陸自幹部も驚いた、ヤバすぎる「自衛隊の闇組織」の実態

深刻な外交問題を引き起こしうる危機
石井 暁 プロフィール

防衛省・自衛隊の暴挙

これまで部隊同士の連携がなかった陸海空3自衛隊のヒューミント(人を媒介とした諜報活動、人的情報集活動のこと)部隊を、防衛省情報本部が一元管理する仕組みに防衛省が改めようとしているのだ。

ここで注目すべきは、この3自衛隊のヒューミント部隊の中核をなすのが、首相、防衛相も存在を知らされず、文民統制(シビリアン・コントロール)を逸脱している非公然部隊「別班」である、という点だ。

「国民にも、国にも『別班など過去も現在も存在しない』と言う説明を繰り返していればいいんだ」という防衛省・自衛隊の一種の開き直り、暴挙とも捉えることができる。到底看過できるものではない。

「別班」をめぐる動きでは、こんな構想もある。それは、陸上幕僚監部が非公然秘密情報部隊「別班」を、陸上自衛隊唯一の特殊部隊である「特殊作戦群」と一体運用する計画を検討していた、という事実だ。

 

この一体運用構想は、自衛隊の海外展開を念頭に、特殊作戦とインテリジェンスを連携させるのが狙いだという。具体的には、国際テロ組織アルカイダの指導者で容疑者のウサマ・ビンラディンをパキスタンで急襲、殺害した米海軍の特殊部隊「SEALS(シールズ)チーム6」を目標としているという証言も得られた。

これは制服組の独走だ

「特殊作戦群」は、

■ 敵地への潜入
■ 攻撃目標の偵察
■ 海外での人質救出
■ 海外の要人暗殺

といった4つの任務を果たすための訓練を極秘裏に重ねてきたものの、その過程で現地の協力者などを使って情報収集するヒューミント能力が決定的に欠けていることが判明した。
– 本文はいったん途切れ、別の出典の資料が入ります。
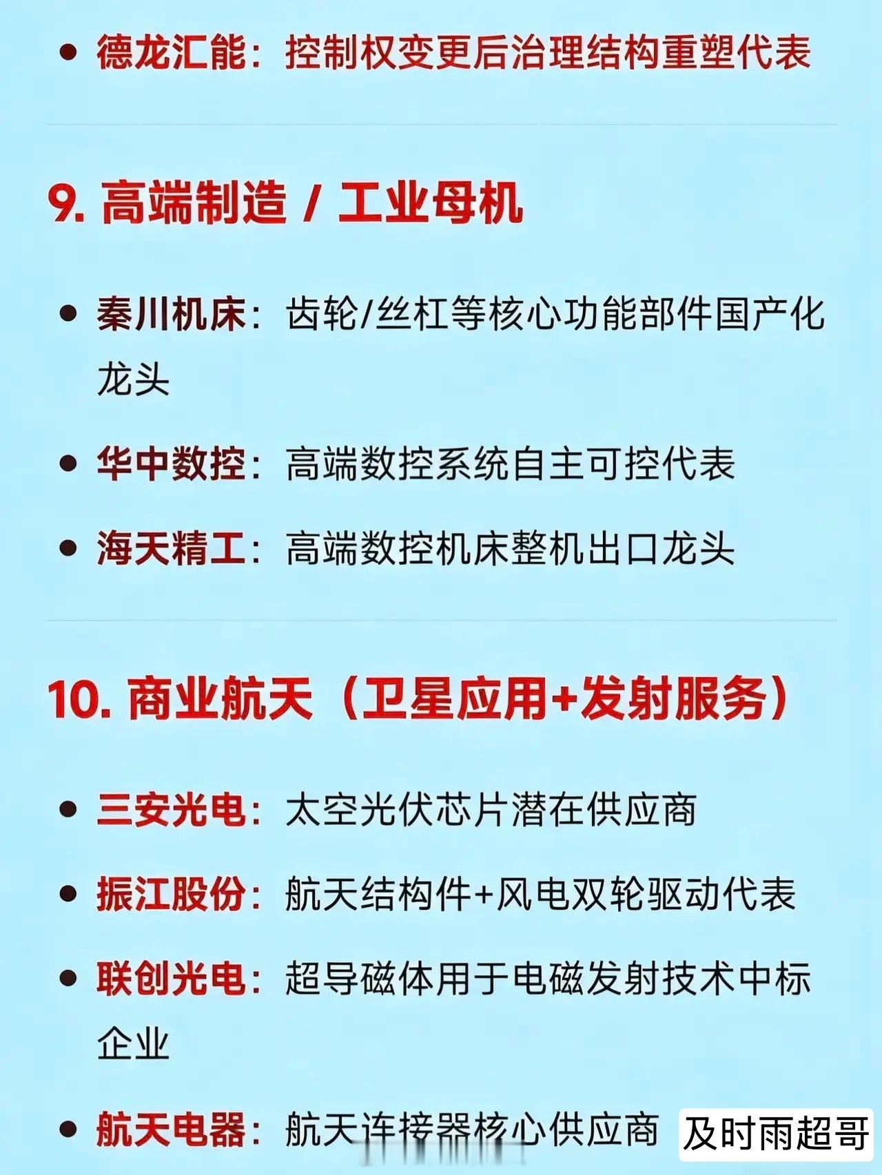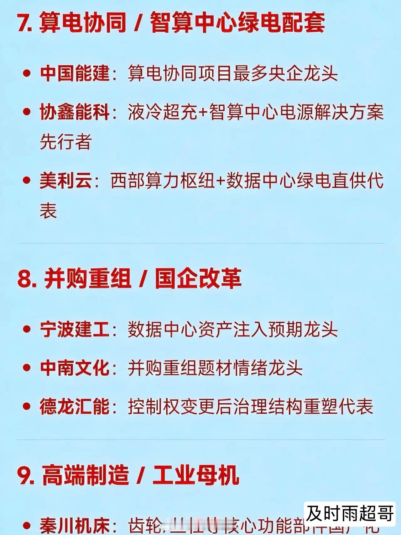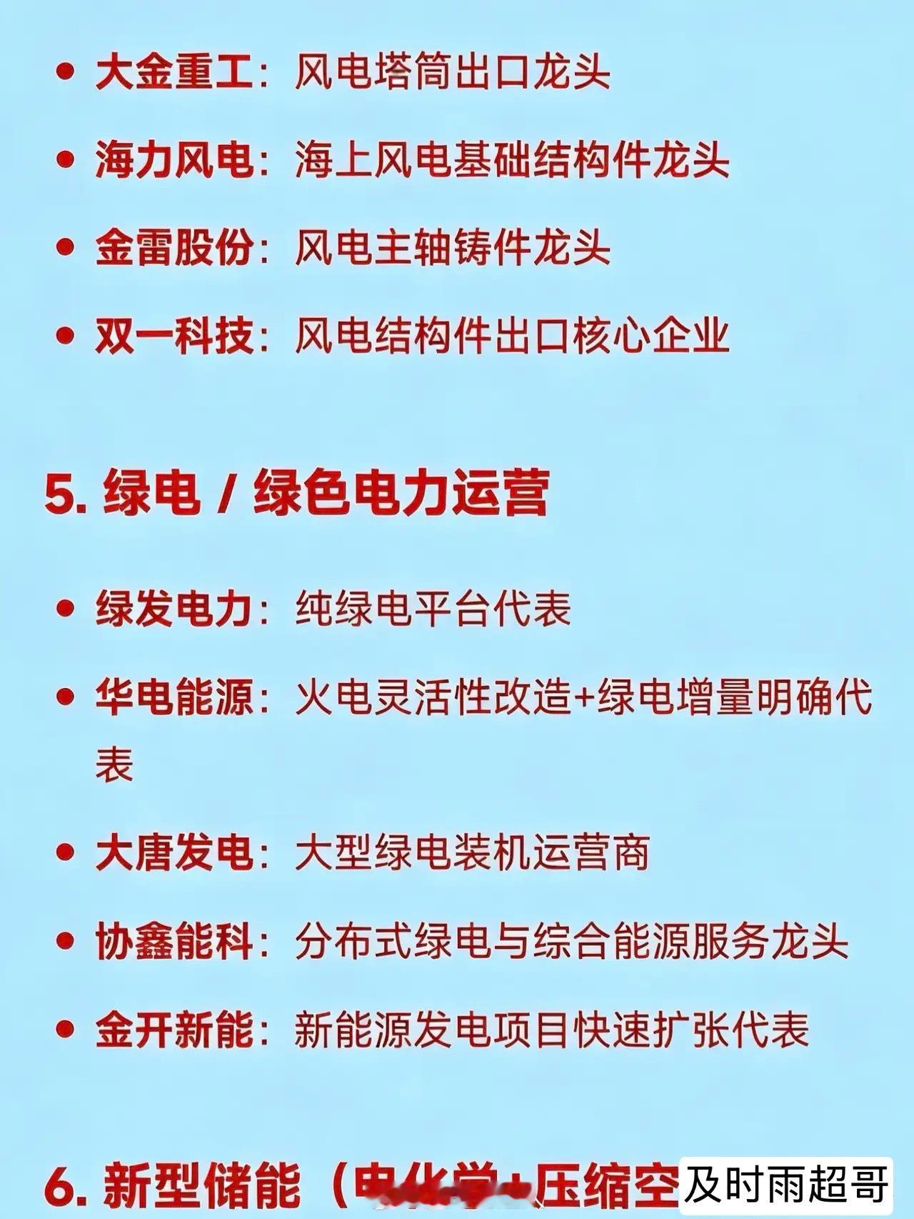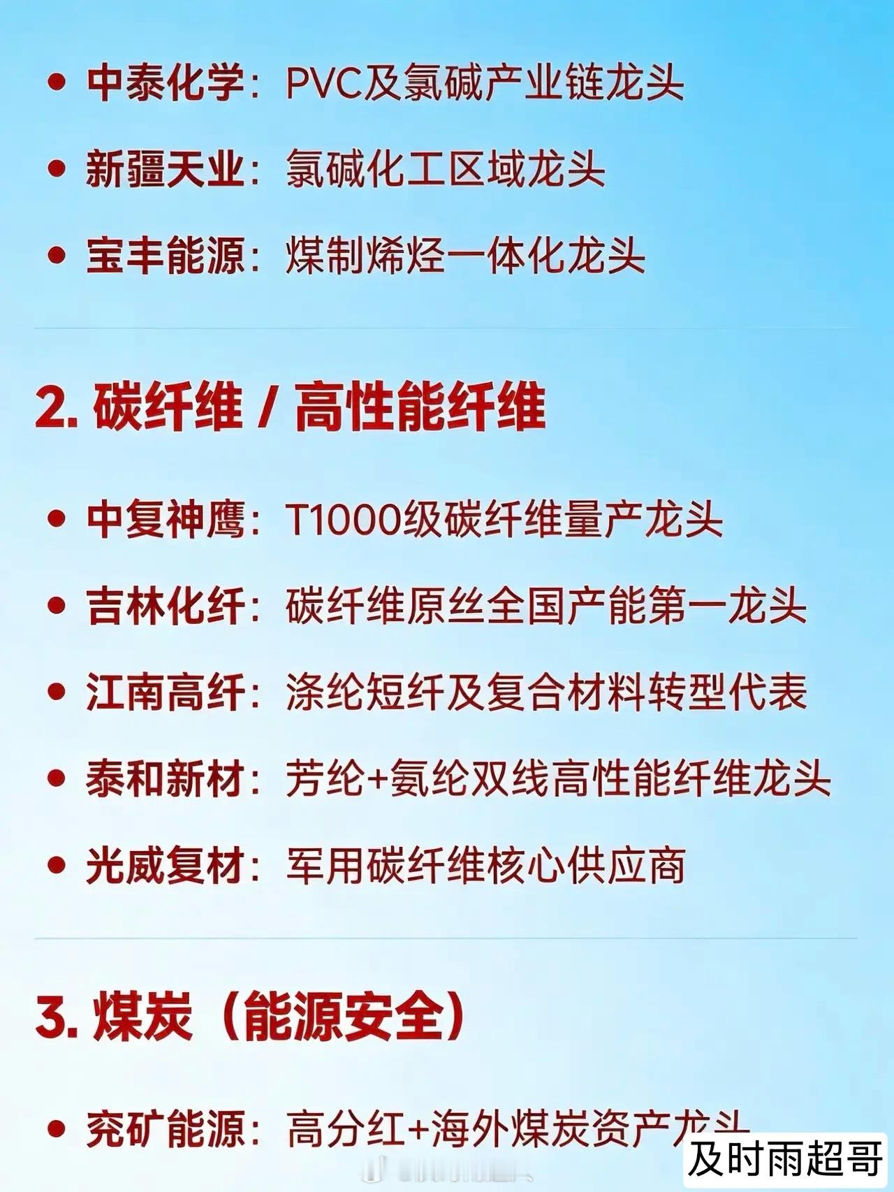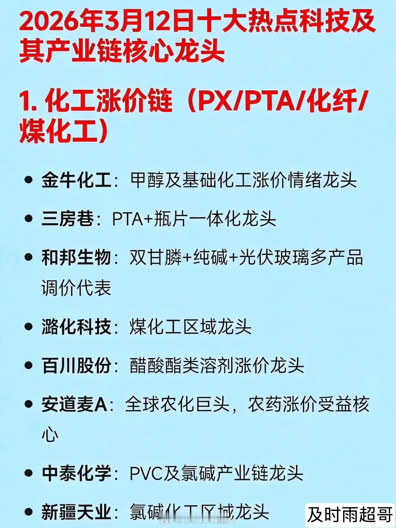 2026年3月12日十大热点科技及其产业链核心龙头1. 化工涨价链(PX/PTA/化纤/煤化工)金牛化工:甲醇及基础化工涨价情绪引领者三房巷:PTA+瓶片一体化领军企业和邦生物:双甘膦+纯碱+光伏玻璃多产品调价典型代表潞化科技:煤化工区域龙头企业百川股份:醋酸酯类溶剂涨价龙头安道麦A:全球农化巨头,农药涨价核心受益方中泰化学:PVC及氯碱产业链龙头新疆天业:氯碱化工区域龙头宝丰能源:煤制烯烃一体化龙头2. 碳纤维 / 高性能纤维中复神鹰:T1000级碳纤维量产龙头吉林化纤:碳纤维原丝全国产能第一企业江南高纤:涤纶短纤及复合材料转型典型泰和新材:芳纶+氨纶双线高性能纤维龙头光威复材:军用碳纤维核心供应商3. 煤炭(能源安全)兖矿能源:高分红+海外煤炭资产龙头郑州煤电:区域火电保供+煤炭弹性标的中煤能源:煤电一体化央企龙头陕西黑猫:焦化副产品涨价受益代表4. 风电(整机+海风+零部件出口)节能风电:央企风电运营龙头明阳智能:海上风电整机出海龙头金风科技:全球陆上风电整机龙头东方电缆:海缆环节绝对龙头大金重工:风电塔筒出口龙头海力风电:海上风电基础结构件龙头金雷股份:风电主轴铸件龙头双一科技:风电结构件出口核心企业5. 绿电 / 绿色电力运营绿发电力:纯绿电平台代表华电能源:火电灵活性改造+绿电增量明确代表大唐发电:大型绿电装机运营商协鑫能科:分布式绿电与综合能源服务龙头金开新能:新能源发电项目快速扩张代表6. 新型储能(电化学+压缩空气+系统集成)纳百川:户储逆变器新锐龙头正泰电源:工商业储能系统集成龙头阳光电源:全球储能变流器龙头宁德时代:动力电池+大型储能电芯龙头派能科技:户用储能电池系统龙头鹏辉能源:储能电池多元化应用代表德业股份:微型逆变器+储能逆变器双轮驱动龙头7. 算电协同 / 智算中心绿电配套中国能建:算电协同项目最多央企龙头协鑫能科:液冷超充+智算中心电源解决方案先行者美利云:西部算力枢纽+数据中心绿电直供代表8. 并购重组 / 国企改革预期宁波建工:数据中心资产注入预期龙头中南文化:并购重组题材情绪龙头德龙汇能:控制权变更后治理结构重塑代表9. 高端制造 / 工业母机秦川机床:齿轮/丝杠等核心功能部件国产化龙头华中数控:高端数控系统自主可控代表海天精工:高端数控机床整机出口龙头10. 商业航天(卫星应用+发射服务)三安光电:太空光伏芯片潜在供应商振江股份:航天结构件+风电双轮驱动代表联创光电:超导磁体用于电磁发射技术中标企业航天电器:航天连接器核心供应商

その結果、「別班」を「特殊作戦群」と一体運用する構想が浮上したのだ。

「別班」と「特殊作戦群」の一体運用構想は、文民統制を逸脱する海外情報活動をしている部隊を使い、憲法が禁じる「海外での武力行使」に踏み込む任務を想定していることから、二重の意味で自衛隊制服組の独走といえよう。

この構想をはじめて知ったとき、「陸上幕僚監部は、別班についてここまで大胆なことを考えていたのか」と驚愕せざるを得なかった。

「特殊作戦群」のメンバーは群長を除き、公式の場では黒色の目出し帽をかぶることが義務づけられている。陸上自衛隊の中でも特別な部隊で、やはり厚い秘密のベールに包まれている。

最後にもう一度繰り返す。「特殊作戦群」の目標は「敵地への潜入」や「海外での要人暗殺」などだが、それと一体運用される(首相や防衛相が「知らない」という)「別班員」が実行に及んだ場合、どんな深刻な外交問題を引き起こすか……。こうした事態について、元外務省主任分析官で作家の佐藤優氏は、「文明的な民主主義国家では考えられない。まさに日本のインテリジェンスの恥」と指摘している。

自衛隊が真に世界に誇りうる、民主主義国家の実力組織になるためにも、「別班」の存在を国が認めるとともに、国が正式に認めた正しい組織をつくるべきだろう。